I disagree. While things are much easier to steal if they are already posted, there is most definitely threat of theft even if you never touch the internet. People can do things like rip songs off a CD and post it online. The artist, publisher, and record company could never post any part of a recording on the internet themselves and it could be stolen using the internet, fitting in the scope of this bill.

SadFaceGuy 11/17/2011 2:43pm

My concern of this bill’s contents leads me to some questions

From what I see, if one piece of illegally obtained & copyrighted material is posted on a site for viewing: Youtube, Livejournal, Myspace, Facebook, Blogger, or any others of the category, the site has to immediately remove the content and ban the user, or risk getting shut down. Also the person who posted that material gets filed under violations of copyright infringement with penalties I do not know of.

I have a comic site hosted by Blogger.
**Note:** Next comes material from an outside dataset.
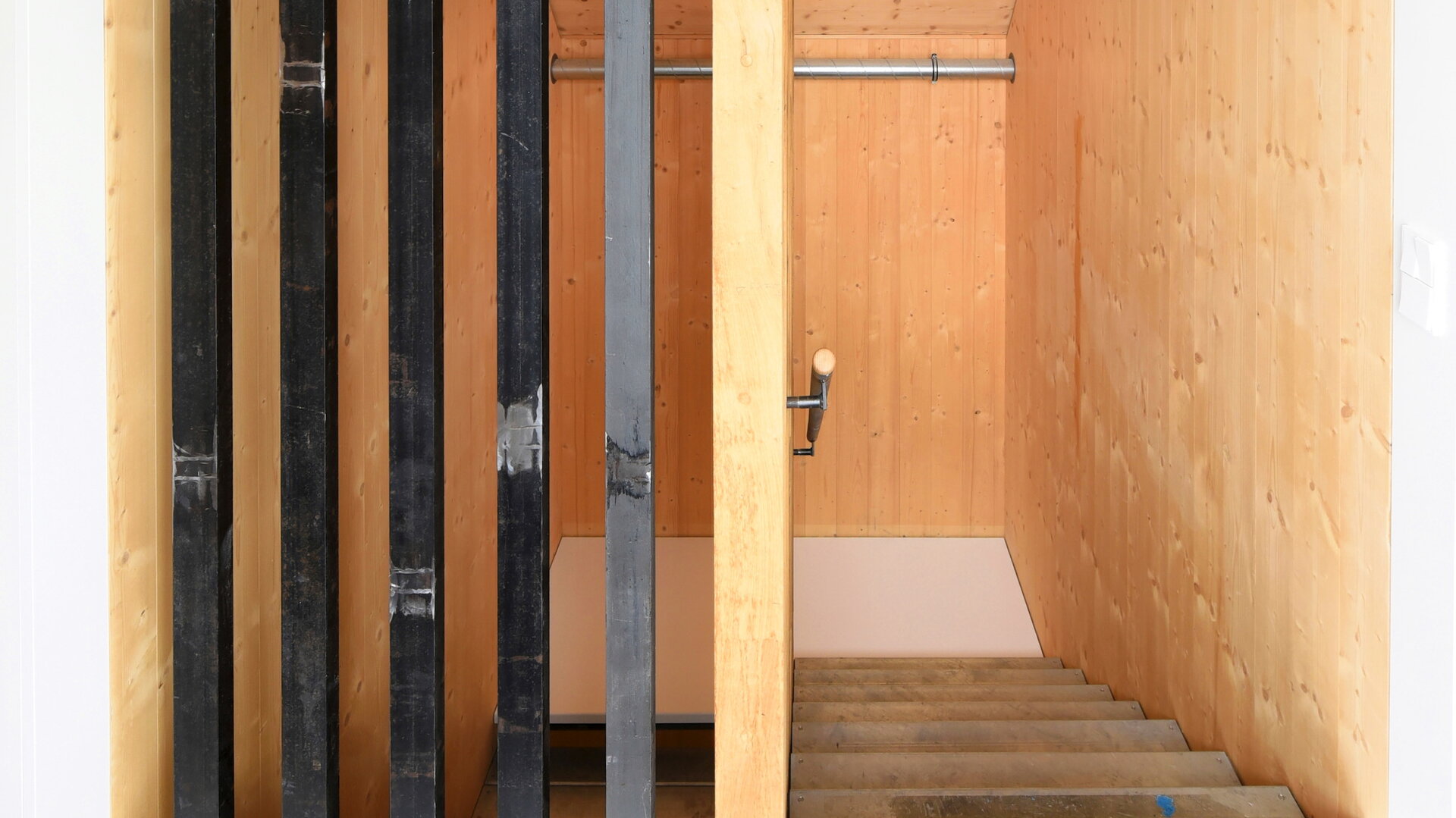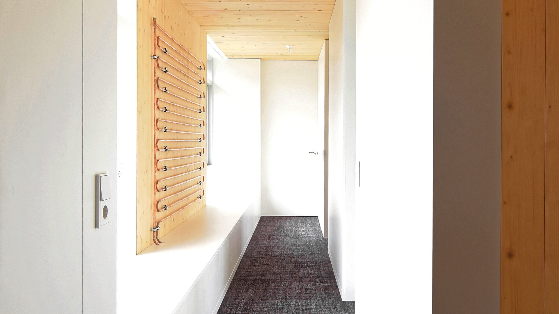 Zu einem perfekten Recyclinghaus gehört aber auch, dass die Baustoffe später einfach und leicht verwertet werden können, sollte das Gebäude irgendwann mal seinen Zweck erfüllt haben. Der Rohbau aus leimfreien Massivholz kann nach Ende seiner Lebensdauer ohne Qualitätsverlust recycelt werden. Andere Materialien wie zum Beispiel die Kupferohre der Heizung liegen offen an der Wand – und sind daher einfach auszubauen. „Wir haben durch das Projekt viel Zuversicht mitgenommen, dass man auch mit alternativen Materialien etwas schaffen kann. Recycling wird für uns und die Branche immer wichtiger“, betont Stubendorff.

The comic is made to be a fan fiction of a game I love, but my understanding believes that the sprite art used can be a violation.

But will I be held responsible by this bill if:

1)The game itself is free to download by the official company?

2)The sprite art can be accessed, edited, and converted from the game into .jpg, .png, or .bmp formats with certain programs, made by other people?

3)I’m not selling the user-created content I make with the materials I got?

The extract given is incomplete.